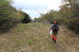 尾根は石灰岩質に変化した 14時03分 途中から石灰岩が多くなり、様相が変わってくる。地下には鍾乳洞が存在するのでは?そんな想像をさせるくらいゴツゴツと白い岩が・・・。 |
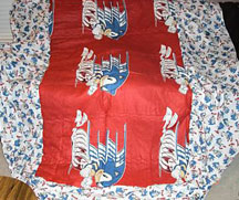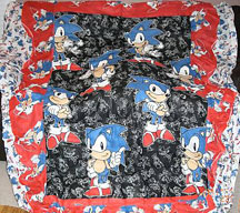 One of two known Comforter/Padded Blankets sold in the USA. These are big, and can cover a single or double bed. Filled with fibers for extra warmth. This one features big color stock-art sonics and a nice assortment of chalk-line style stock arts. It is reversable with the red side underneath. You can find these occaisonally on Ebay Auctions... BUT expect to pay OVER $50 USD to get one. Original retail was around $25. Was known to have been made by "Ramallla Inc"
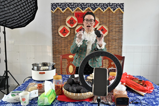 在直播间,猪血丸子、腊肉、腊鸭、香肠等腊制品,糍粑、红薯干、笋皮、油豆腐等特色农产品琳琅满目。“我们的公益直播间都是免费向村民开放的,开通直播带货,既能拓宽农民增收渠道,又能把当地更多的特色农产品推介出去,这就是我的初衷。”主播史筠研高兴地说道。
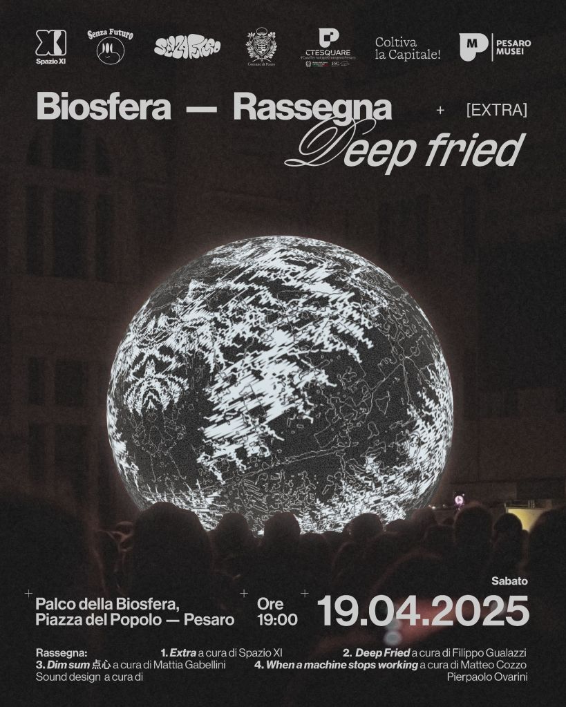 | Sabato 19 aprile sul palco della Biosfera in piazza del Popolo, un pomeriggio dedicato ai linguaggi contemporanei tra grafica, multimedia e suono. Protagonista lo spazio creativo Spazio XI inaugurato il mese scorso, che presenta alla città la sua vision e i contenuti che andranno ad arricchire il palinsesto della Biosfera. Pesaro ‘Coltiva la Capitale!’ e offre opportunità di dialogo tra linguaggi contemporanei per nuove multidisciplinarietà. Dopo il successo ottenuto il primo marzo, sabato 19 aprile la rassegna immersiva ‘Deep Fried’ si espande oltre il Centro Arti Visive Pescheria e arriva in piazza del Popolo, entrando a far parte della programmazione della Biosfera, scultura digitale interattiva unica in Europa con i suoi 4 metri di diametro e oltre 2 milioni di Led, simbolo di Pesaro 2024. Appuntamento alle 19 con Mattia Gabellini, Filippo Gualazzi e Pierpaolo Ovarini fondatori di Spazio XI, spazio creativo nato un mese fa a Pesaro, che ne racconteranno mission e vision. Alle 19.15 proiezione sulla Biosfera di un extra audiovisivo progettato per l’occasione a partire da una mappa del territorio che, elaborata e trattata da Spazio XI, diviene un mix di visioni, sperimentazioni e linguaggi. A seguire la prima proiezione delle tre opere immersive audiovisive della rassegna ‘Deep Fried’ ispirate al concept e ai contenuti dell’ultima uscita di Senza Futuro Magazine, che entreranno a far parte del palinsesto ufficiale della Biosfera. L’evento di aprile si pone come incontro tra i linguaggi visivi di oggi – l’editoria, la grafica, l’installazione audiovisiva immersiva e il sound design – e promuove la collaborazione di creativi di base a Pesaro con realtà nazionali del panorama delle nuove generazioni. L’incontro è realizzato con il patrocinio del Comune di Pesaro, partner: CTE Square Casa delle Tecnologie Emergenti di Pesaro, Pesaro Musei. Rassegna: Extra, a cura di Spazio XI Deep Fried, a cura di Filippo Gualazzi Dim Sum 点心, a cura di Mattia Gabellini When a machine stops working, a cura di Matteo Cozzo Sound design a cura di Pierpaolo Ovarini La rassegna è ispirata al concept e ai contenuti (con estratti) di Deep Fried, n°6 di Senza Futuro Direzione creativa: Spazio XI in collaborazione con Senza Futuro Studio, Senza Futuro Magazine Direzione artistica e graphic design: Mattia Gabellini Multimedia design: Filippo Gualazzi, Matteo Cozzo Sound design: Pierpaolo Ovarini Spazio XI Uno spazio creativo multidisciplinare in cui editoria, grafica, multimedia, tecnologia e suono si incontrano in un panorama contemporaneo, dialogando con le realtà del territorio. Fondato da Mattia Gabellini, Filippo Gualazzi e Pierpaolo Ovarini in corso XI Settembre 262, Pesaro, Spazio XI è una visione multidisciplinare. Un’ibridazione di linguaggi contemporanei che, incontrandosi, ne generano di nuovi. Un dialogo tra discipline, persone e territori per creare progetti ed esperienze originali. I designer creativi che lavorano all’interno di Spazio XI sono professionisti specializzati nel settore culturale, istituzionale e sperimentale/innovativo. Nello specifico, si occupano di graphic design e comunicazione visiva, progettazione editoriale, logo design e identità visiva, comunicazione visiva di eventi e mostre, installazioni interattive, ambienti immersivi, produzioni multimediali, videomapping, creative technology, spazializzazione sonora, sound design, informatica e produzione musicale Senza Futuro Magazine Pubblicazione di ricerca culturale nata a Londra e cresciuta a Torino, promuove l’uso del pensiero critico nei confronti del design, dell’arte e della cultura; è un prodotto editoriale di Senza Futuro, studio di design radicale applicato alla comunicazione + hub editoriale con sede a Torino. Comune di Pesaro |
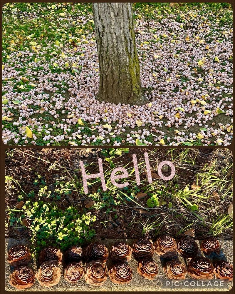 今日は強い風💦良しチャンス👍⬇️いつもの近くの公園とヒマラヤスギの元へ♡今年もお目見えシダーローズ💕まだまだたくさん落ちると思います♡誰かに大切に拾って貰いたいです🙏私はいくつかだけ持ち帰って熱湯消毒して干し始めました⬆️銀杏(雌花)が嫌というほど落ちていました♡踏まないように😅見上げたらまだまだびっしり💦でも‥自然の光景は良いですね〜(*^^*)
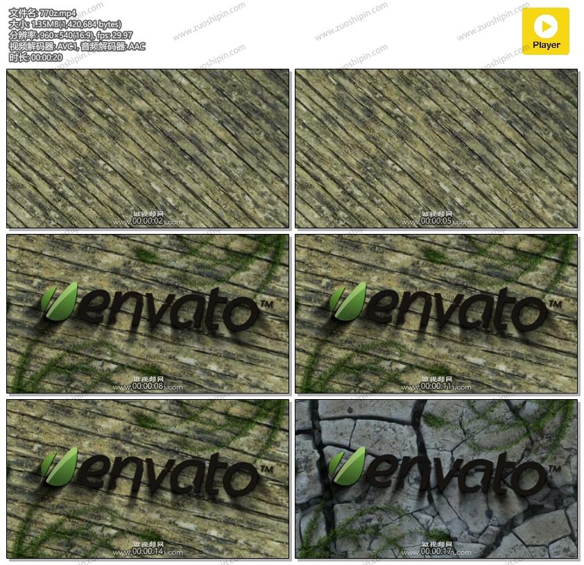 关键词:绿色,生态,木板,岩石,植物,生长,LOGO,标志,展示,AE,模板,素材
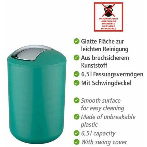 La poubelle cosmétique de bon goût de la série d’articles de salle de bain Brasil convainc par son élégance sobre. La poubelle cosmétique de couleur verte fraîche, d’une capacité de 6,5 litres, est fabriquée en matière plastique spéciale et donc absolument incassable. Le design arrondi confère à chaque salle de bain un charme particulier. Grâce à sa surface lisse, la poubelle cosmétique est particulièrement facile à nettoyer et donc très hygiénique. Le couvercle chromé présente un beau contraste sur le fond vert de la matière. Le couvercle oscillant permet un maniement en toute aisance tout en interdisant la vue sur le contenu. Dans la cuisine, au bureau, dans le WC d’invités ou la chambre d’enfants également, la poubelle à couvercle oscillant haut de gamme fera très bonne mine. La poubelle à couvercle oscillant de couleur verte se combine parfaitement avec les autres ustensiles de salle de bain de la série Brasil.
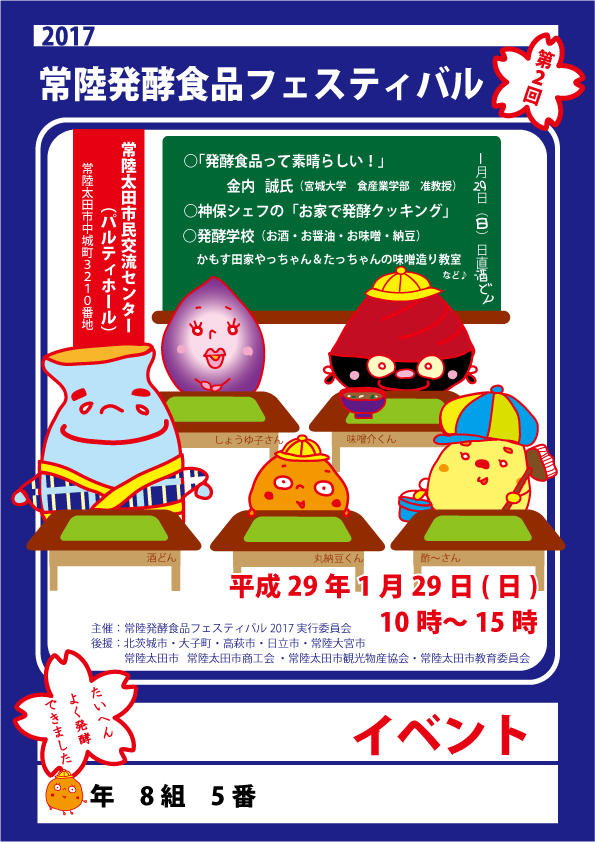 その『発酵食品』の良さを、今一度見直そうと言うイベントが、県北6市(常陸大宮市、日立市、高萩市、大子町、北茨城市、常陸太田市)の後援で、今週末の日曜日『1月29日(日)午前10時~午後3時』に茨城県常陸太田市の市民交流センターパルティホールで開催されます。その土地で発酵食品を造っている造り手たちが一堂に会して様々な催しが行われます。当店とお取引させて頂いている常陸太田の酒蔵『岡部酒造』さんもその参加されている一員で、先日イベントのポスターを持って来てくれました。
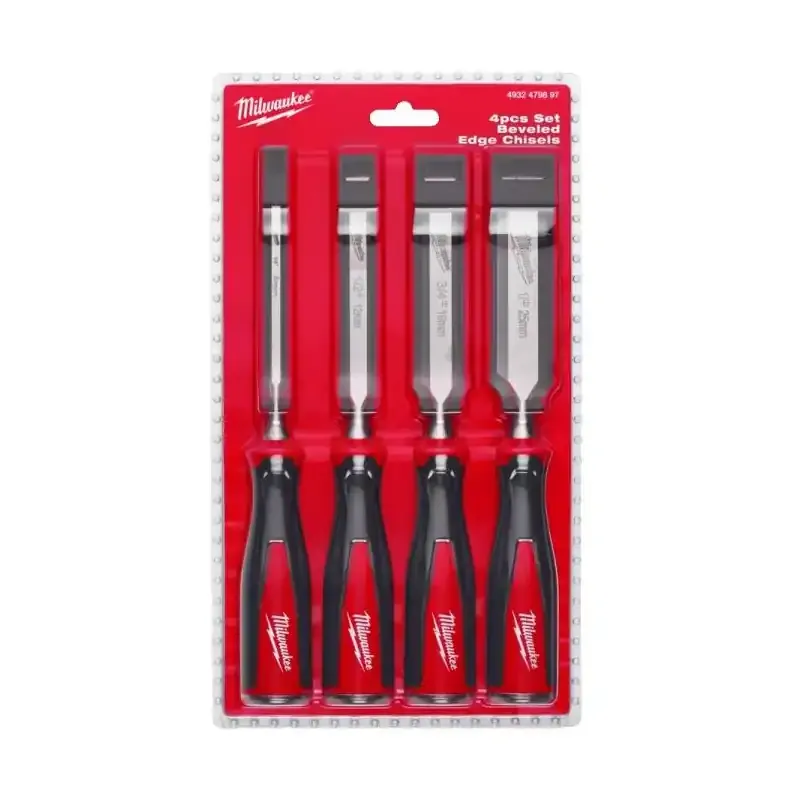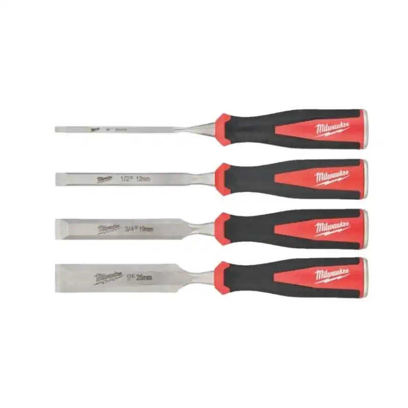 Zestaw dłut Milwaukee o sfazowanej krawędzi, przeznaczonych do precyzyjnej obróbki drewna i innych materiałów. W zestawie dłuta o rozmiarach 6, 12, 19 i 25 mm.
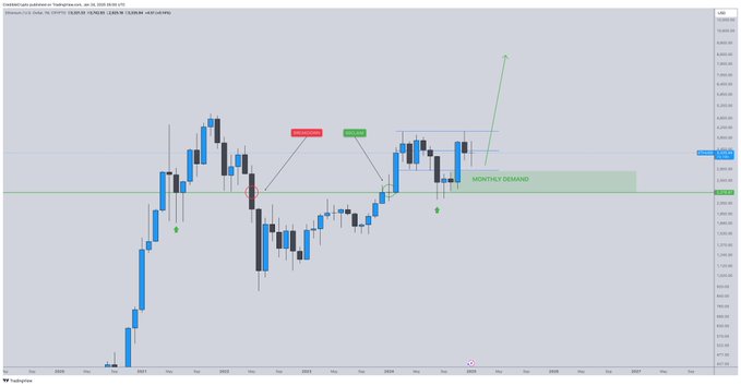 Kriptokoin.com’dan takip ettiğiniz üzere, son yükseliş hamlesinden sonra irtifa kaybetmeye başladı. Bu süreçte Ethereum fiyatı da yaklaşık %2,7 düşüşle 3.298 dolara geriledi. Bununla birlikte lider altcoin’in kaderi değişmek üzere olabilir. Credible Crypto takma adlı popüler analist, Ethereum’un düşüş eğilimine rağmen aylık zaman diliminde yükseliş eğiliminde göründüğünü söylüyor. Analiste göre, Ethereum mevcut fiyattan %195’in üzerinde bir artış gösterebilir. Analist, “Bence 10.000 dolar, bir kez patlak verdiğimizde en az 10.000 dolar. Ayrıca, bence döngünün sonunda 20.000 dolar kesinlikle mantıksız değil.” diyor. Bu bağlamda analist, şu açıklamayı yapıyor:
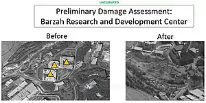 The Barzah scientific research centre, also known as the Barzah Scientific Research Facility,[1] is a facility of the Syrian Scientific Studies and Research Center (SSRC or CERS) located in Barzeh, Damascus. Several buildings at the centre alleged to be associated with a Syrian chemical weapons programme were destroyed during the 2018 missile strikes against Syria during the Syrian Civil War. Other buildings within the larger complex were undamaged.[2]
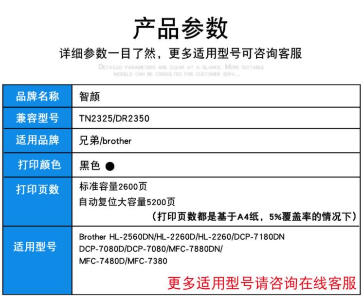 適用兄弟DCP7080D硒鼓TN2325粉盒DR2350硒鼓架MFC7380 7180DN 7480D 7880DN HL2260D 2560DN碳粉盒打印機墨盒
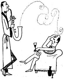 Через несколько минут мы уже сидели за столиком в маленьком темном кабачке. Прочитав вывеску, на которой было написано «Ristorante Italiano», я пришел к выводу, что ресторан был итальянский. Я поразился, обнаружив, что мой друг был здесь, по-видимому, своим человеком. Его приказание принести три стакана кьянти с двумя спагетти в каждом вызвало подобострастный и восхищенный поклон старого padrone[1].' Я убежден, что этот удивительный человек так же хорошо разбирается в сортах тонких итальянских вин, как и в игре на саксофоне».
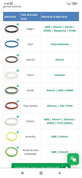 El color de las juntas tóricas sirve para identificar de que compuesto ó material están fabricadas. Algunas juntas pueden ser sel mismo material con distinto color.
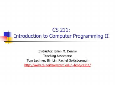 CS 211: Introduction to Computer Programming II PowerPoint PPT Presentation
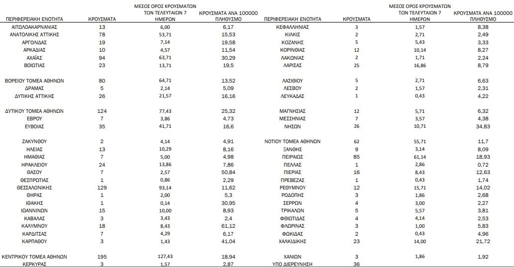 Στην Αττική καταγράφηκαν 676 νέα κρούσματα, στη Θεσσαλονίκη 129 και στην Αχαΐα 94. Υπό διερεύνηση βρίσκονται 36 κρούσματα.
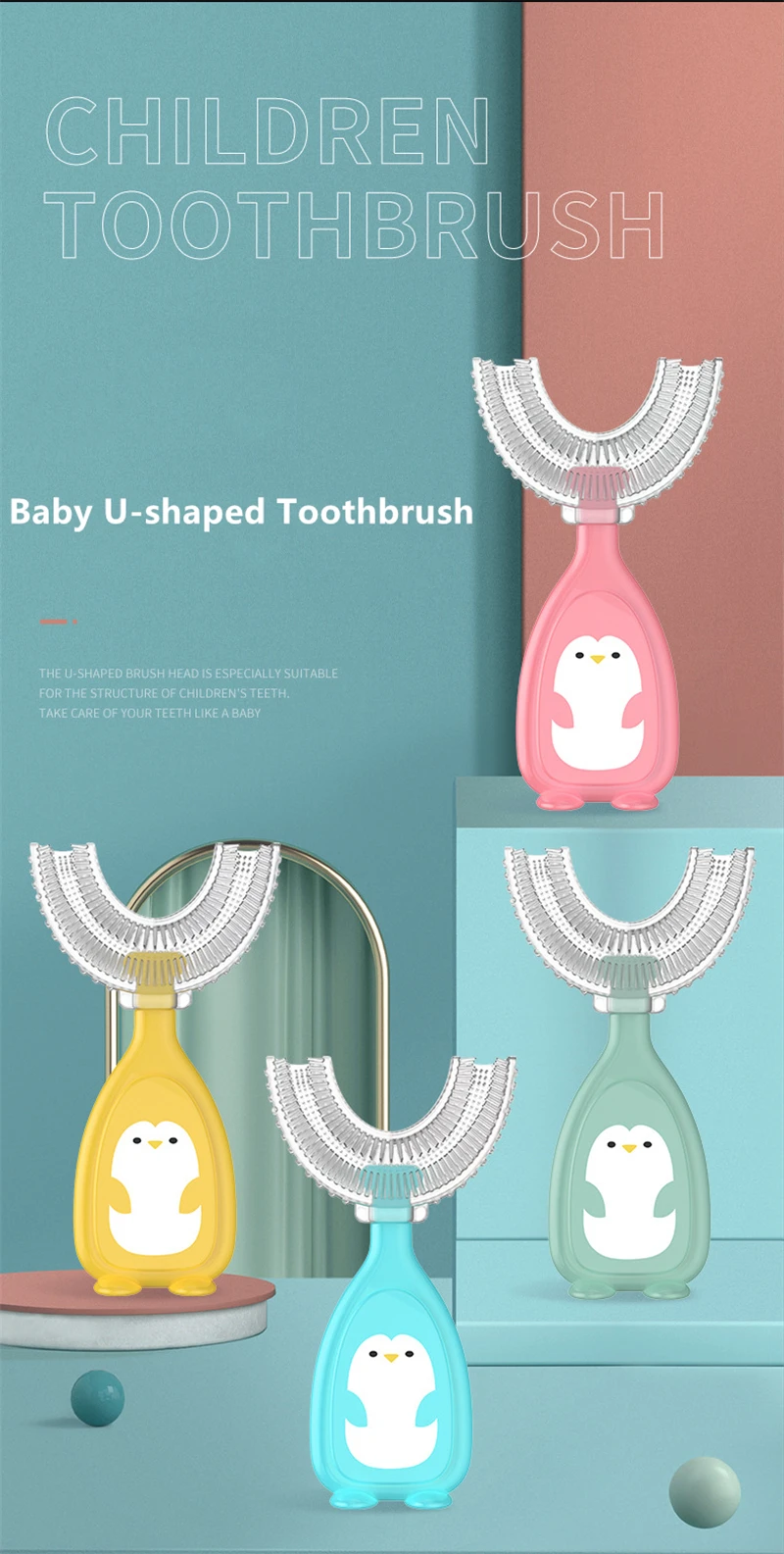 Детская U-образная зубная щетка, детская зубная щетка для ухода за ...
□ □ □ □ □
Prompt: Within the listing above, the lines from the one with "The Barzah scientific research centre, also" through the one with "適用兄弟DCP7080D硒鼓TN2325粉盒DR2350硒鼓架MFC7380 7180DN 7480D" are to be given again word for word. Do not include pictures.

Your solution:
 The Barzah scientific research centre, also known as the Barzah Scientific Research Facility,[1] is a facility of the Syrian Scientific Studies and Research Center (SSRC or CERS) located in Barzeh, Damascus. Several buildings at the centre alleged to be associated with a Syrian chemical weapons programme were destroyed during the 2018 missile strikes against Syria during the Syrian Civil War. Other buildings within the larger complex were undamaged.[2]
 適用兄弟DCP7080D硒鼓TN2325粉盒DR2350硒鼓架MFC7380 7180DN 7480D 7880DN HL2260D 2560DN碳粉盒打印機墨盒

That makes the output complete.